Obadiah Rich (August 17, 1809 – July 6, 1888) was a noted American silversmith, active in Boston.

Rich was born in Charlestown, Massachusetts, and apprenticed to Moses Morse (w. 1815–1830) in Boston. In 1830 he opened his own shop at 69 Washington Street. In 1835 he and his partner, Samuel L. Ward, exhibited a monumental vase honoring Daniel Webster, but during the next decade he appears to have worked alone. In this time he created a half-size version of the Warwick Vase and the Britannia Cup, given by Boston's citizens to Samuel Cunard for establishing the first transatlantic mail steamship between Liverpool and Boston. He also was recorded in one advertisement that ran from April 14 to May 4, 1840, in the Boston Daily Evening Transcript: "Daguerreotype Plates made and for sale by O. Rich, Court Avenue."

The Boston Evening Transcript of July 3, 1840, described Rich as "well known to our citizens as the best silver plate worker — taking the elegant and ornamental, with the useful and substantial — that we have in Boston.
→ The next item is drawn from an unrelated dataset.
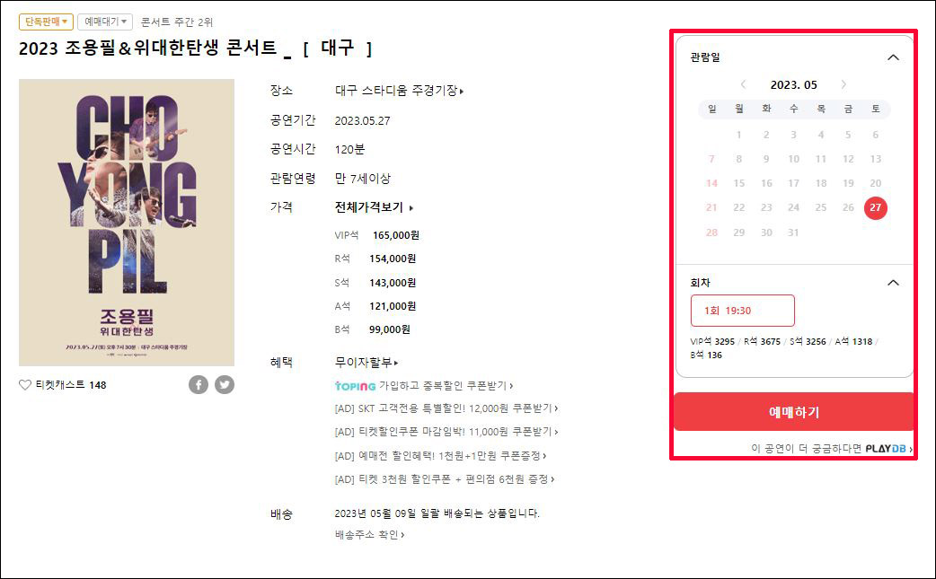 조용필 & 위대한 탄생 대구 콘서트는 현재 티켓 예매가 진행 중이다. 아래를 통해 예매가 가능하다.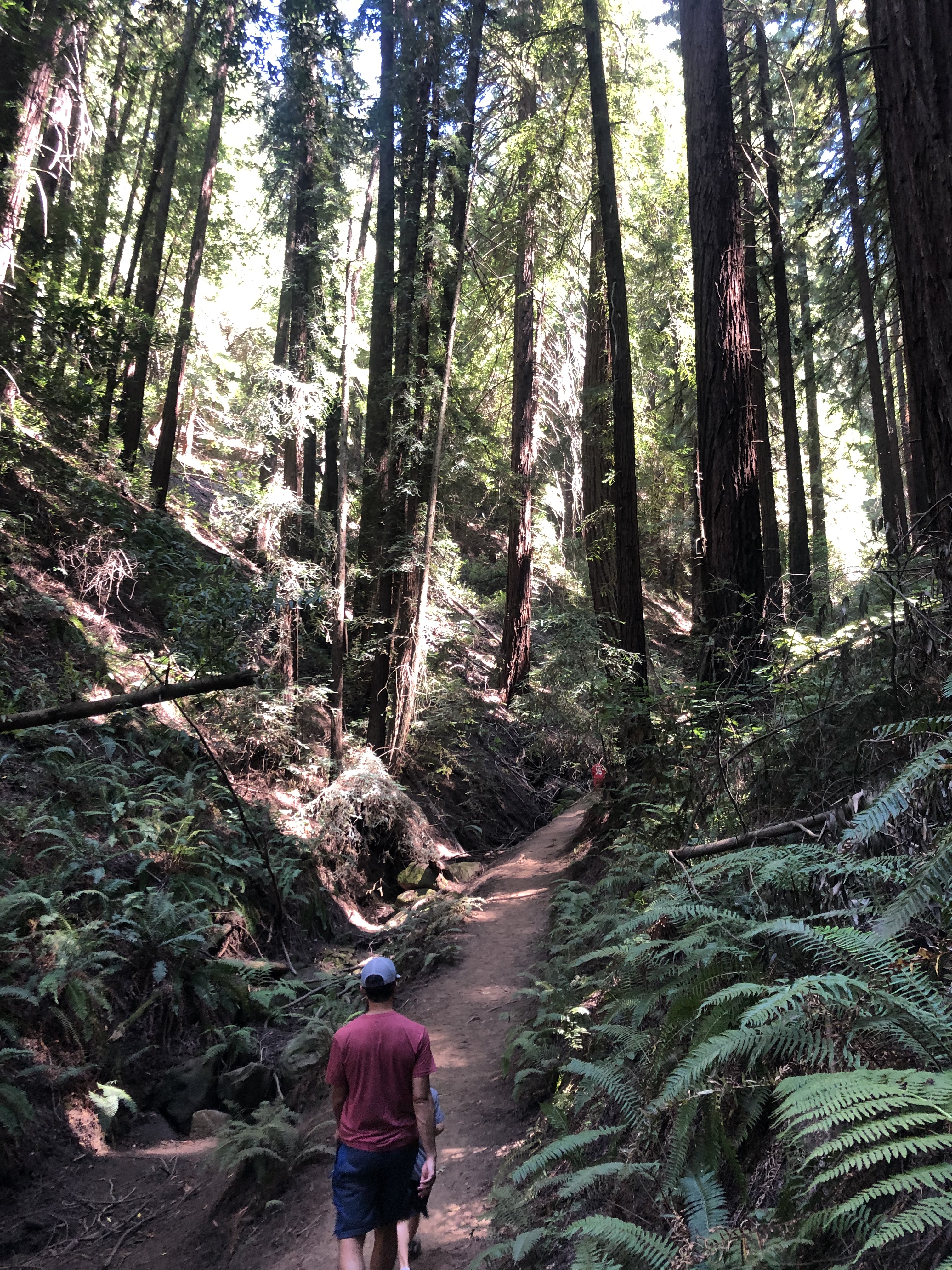 This hike takes you exploring beyond the redwoods. Most of this hike is not in the redwood trees. Park at the Skyline Boulevard Parking Lot near the Trudeau Center (11500 Skyline Blvd, Oakland, CA 94619). From the parking lot, start on the Dunn Trail to the left, behind the Trudeau Center. Follow the Dunn Trail for about 0.5 miles and veer left onto the Graham Trail. After about a mile, turn right onto the West Ridge Trail. After another mile or so, turn right onto the second marker for the Baccharis Trail (you will have passed the first trail marker for the Baccharis Trail along the way). Follow the Baccharis Trail for about half a mile, and you’ll reach a junction. Going right will take you back up to the West Ridge Trail. Instead, veer left and join the Dunn Trail. Hike the Dunn Trail back to the parking lot. This is a moderate hike, approximately 4.9 miles long. We last hiked this in June 2020 for Father’s Day.

It would be hard for New York or Philadelphia to indicate his superior." By 1844, judges for the Massachusetts Charitable Mechanic Association exhibition praised his "elegant specimens of Ornamental Silver Ware [as] in style and finish equal in all respects to the same class of English manufacture; and in every way highly creditable to this celebrated manufacturer."

Most unfortunately, he was struck by blindness which brought his career to an end in 1849. He died nearly 40 years later and is buried in the Woodbrook Cemetery in Woburn, Massachusetts.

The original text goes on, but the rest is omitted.